Consider a binary classification problem and a set of large-margin classifiers based on a real-valued function $g$: $$ \F=\{f \in \{-1,1\}^{\X} : \forall x\in\X,\ f( x) = \sign ( g(x)), \ g\in\G\subset \R^{\X}\}. $$ For these classifiers we can define a margin-based error rate as $$ R_{emp}^{\gamma} ( f) = \frac{1}{N} \sum_{i=1}^N \I{Y_i g(X_i) < \gamma} $$ on a training sample $D=\{(X_i,Y_i)\}_{i=1}^N$ of size $N$. Then, the following bound based on the fat-shattering dimension of the real-valued function class $\G$ can be derived.

For all $\delta > 0$, the bound $$ \forall f\in\F,\quad R(f) \leq R_{emp}^{\gamma}(f) + 2\sqrt{2\frac{\fat_{\gamma/16}(\G)\log \frac{34 eN}{\fat_{\gamma/16}(\G)} \log_2 (578N) + \log\frac{4}{\delta}}{N}} $$ holds with probability at least $1-\delta$.

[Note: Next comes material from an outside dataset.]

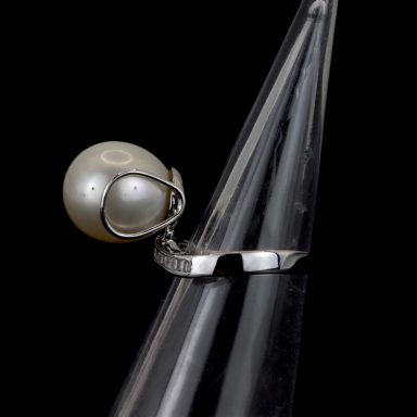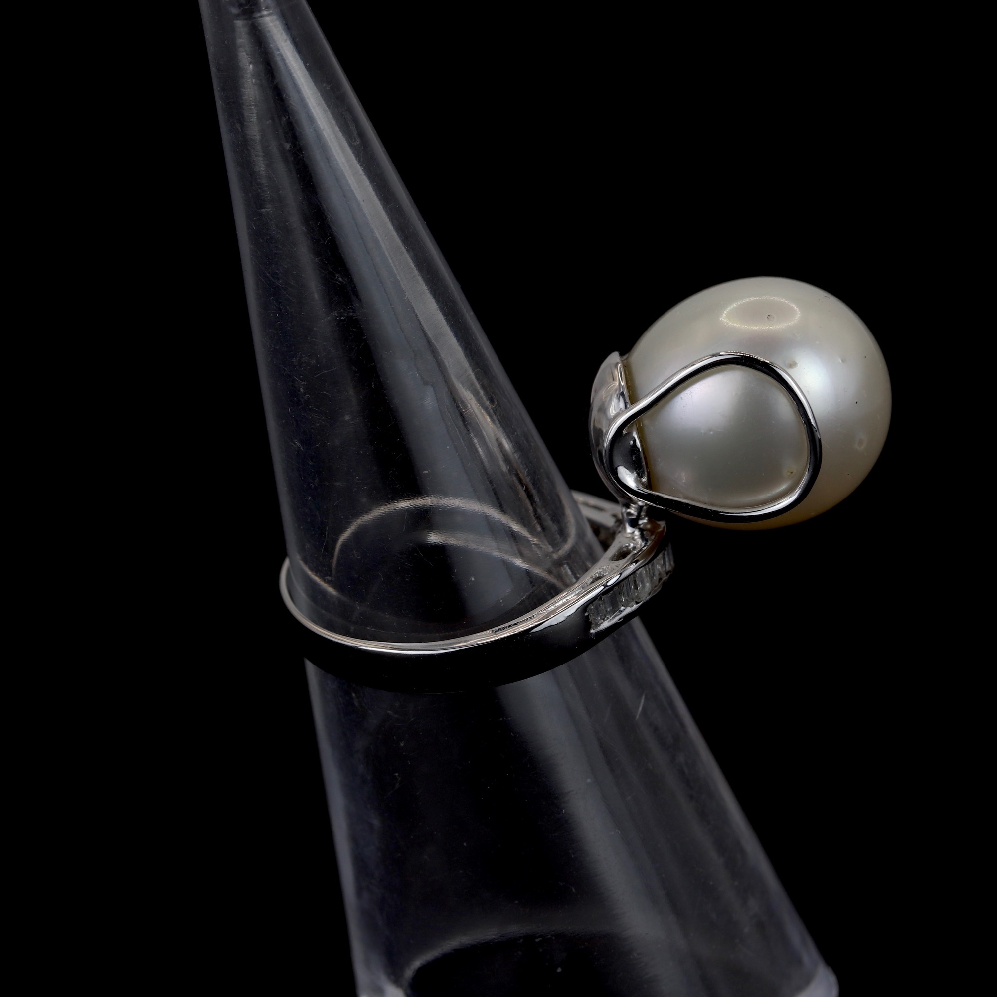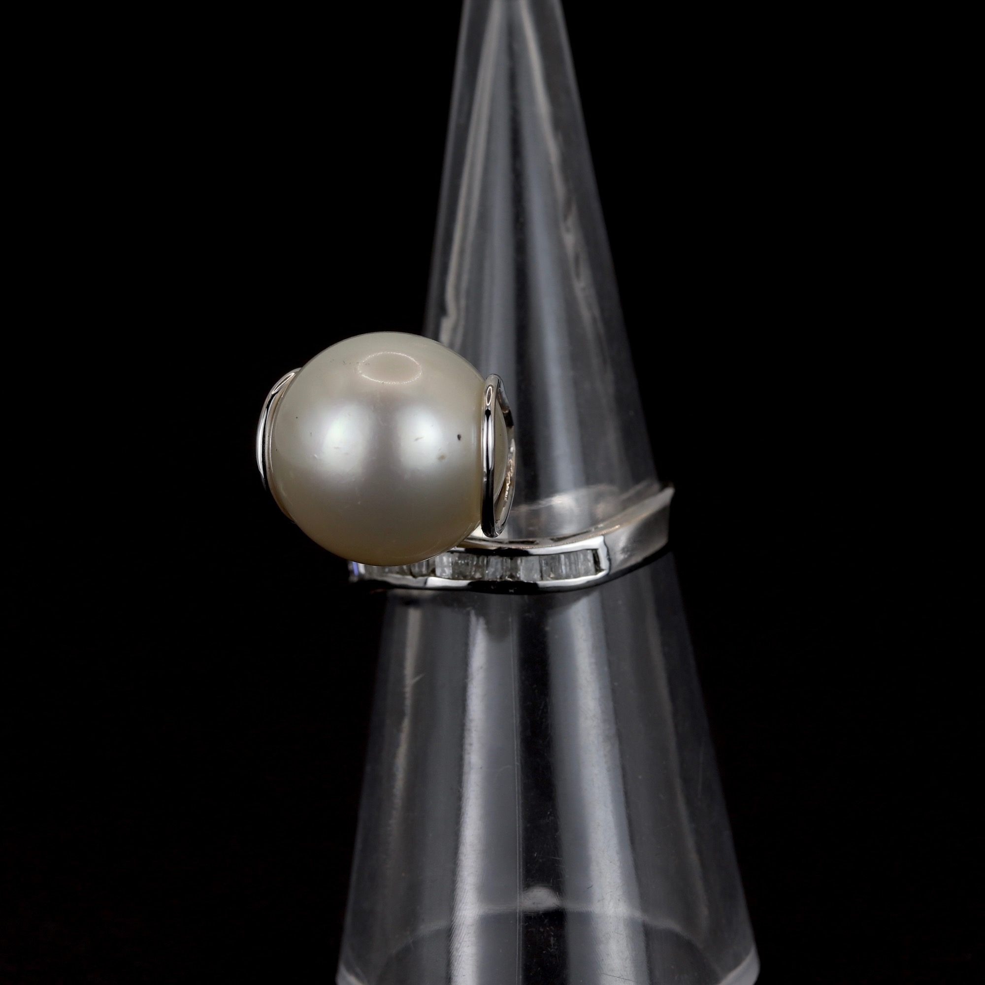A 14K white gold dress ring set with large cultured pearl and row of channel set diamonds.

Proof: We start from the previous bound involving a covering number that we will bound by the fat-shattering dimension: $$ \forall f\in\F,\quad R(f) \leq R_{emp}^{\gamma}(f) + 2\sqrt{2\frac{\log \mathcal{N}_{\infty}(\frac{\gamma}{2}, \pi_{\gamma} (\G), 2N ) + \log\frac{2}{\delta}}{N}} $$ holds with probability at least $1-\delta$ for all $\delta>0$.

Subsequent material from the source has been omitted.